Nevrotiklik Daha Sonra Kaygı ve Depresyonu Öngörebilir

Yeni bir araştırma, nevrotikliğin kişilik özelliği konusunda yüksek olan gençlerin hem anksiyete hem de depresif bozukluklar geliştirme olasılığının yüksek olduğunu ilk kez buldu.

Araştırmacılar, yeni içgörünün depresyonun gelişmesini engelleyebilecek müdahalelere yol açabileceğinden umutlu.

Northwestern Üniversitesi ve Los Angeles Kaliforniya Üniversitesi'nden araştırmacılar, çalışmanın nevrotikliğin duygudurum ve anksiyete bozukluklarını öngördüğünü ilk bulan çalışma olduğunu söylüyorlar.

Çalışmanın baş yazarı ve Northwestern Weinberg Sanat ve Bilim Koleji'nde psikoloji profesörü olan Dr. Richard Zinbarg, “Nevrotiklik, hem anksiyete hem de depresif bozuklukların gelişmesinin özellikle tehlikeli durumunun özellikle güçlü bir öngörücüydü” dedi.

Daha önceki araştırmalar, nevrotikliğin madde kötüye kullanımı, ruh hali ve anksiyete bozuklukları ile ilişkili olduğunu göstermiştir, ancak bu ilişkilerin güç açısından karşılaştırılabilir olup olmadığını test etmemişti.

Northwestern'de klinik psikoloji direktörü olan Zinbarg, "Başka türlü onları deneyimleyecek kişilerde anksiyete bozuklukları ve depresyonun gelişmesini önleyebilmek profesyonel hayalimdi" dedi.

“İnsanlar onlardan acı çekmeye başladığında oldukça iyi tedavilerimiz var. Önleme konusunda çok daha az şey yapıyoruz. "

Kişilik özelliklerini inceleyen araştırmacılar, kişiliğin beş ana boyutundan nevrotikliğin neredeyse tüm psikopatoloji biçimlerini geliştirmek için en uygun özellik olduğu konusunda büyük ölçüde hemfikirdir.

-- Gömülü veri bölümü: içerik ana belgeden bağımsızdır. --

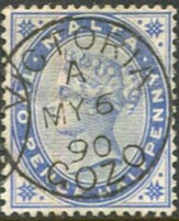 A/MY 6 90 on QV 2½d (SG.25). Ex BIRKETT ALLAN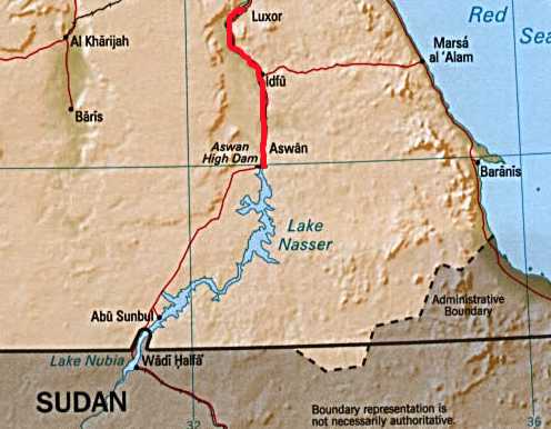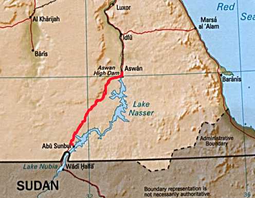Beiläufig finden wir dann den großen Staudamm, zahlen 6 Pfund Besichtigungsgebühr und müssen herzlich lachen. Wir kommen an einen Kontrollposten, der die Straße nach Abu Simbel versperrt. Dort macht man uns klar, das wir erst um 11h weiterfahren können, weil wir eine Eskorte brauchen. Um 11.30h erschein die Polizei und ein mit Maschinenpistole bewaffneter Araber in Zivil steigt zu uns ins Auto. Warum weiß keiner und aufgrund von Verständigungsschwierigkeiten kann uns das auch keiner erklären. Ich fühle mich unwohl – der Lauf der Maschinenpistole zeigt auf mich. Zum Glück legt der Typ die Waffe später etwas anders hin. Muß das??

Diğer dört kişilik özelliği ise dışadönüklük, uyumluluk, vicdanlılık ve açıklıktır.

Çalışma, iki Chicago ve Los Angeles lisesinde lise öğrencisi olarak işe alınan 547 katılımcıyı içeriyordu. Zinbarg, çalışma sonuçlarının nispeten uygun maliyetli ve geniş tabanlı bir önleme programına giden yolu işaret ettiğini söyledi.

Lise öğrencilerine, nevrotiklik üzerine - kağıt ve kalem yoluyla ya da çevrimiçi olarak uygulanarak - bu kişilik özelliği üzerindeki duruşlarını belirleyen bir anket verilebileceğini söyledi.

Zinbarg, "Hedeflememiz gereken çocukları belirleyebiliriz - bu ilk çıkarım," dedi.

Amaç, yalnızca depresyon veya anksiyete bozukluklarını önlemekle kalmayıp, ortak bir risk faktörüne sahip oldukları göz önüne alındığında, her ikisi için de riskleri azaltan bir önleyici müdahale tasarlamak olacaktır.

Zinbarg, "Tek bir müdahaleyle, anksiyete ve depresyon riskini aynı anda azaltmak ve insanların çok daha iyi başa çıkmalarına yardımcı olmak mümkün olmalı" dedi.

Sonuçlar ayrıca nevrotiklik ve onun tanımı hakkında teorik bir tartışmaya da ışık tuttu.

Zinbarg, "Ben de dahil olmak üzere bazıları nevrotikliğin biraz spesifik olduğuna inanıyor" dedi. "Bu kamptaki teorisyenler, nevrotikliğin insanları olumsuz duygulara - anksiyete, depresyon, sinirlilik, öfke - daha duyarlı hale getirdiğine inanıyor."

Diğerleri, nevrotikliğin olumlu olanlar da dahil olmak üzere genel olarak duygulara duyarlılığı artırdığına inanıyor. Bu görüşe göre nevrotiklik, ketleme ve ağrıyı içeren bozukluklar kadar kumar veya madde kullanımı gibi aşırılık bozukluklarının da habercisi olacaktır.

Northwestern ve California Üniversitesi, Los Angeles ekibi madde kullanımını inceledi ve nevrotikliğin, anksiyete bozuklukları ve depresyon kadar madde kullanım bozukluklarının bir öngörücüsü olmadığını buldu.

Zinbarg, "Çalışmanın sonuçları, nevrotikliğin tehdide duygusal tepkisellikten daha duyarlı olduğunu kuvvetle gösteriyor," dedi.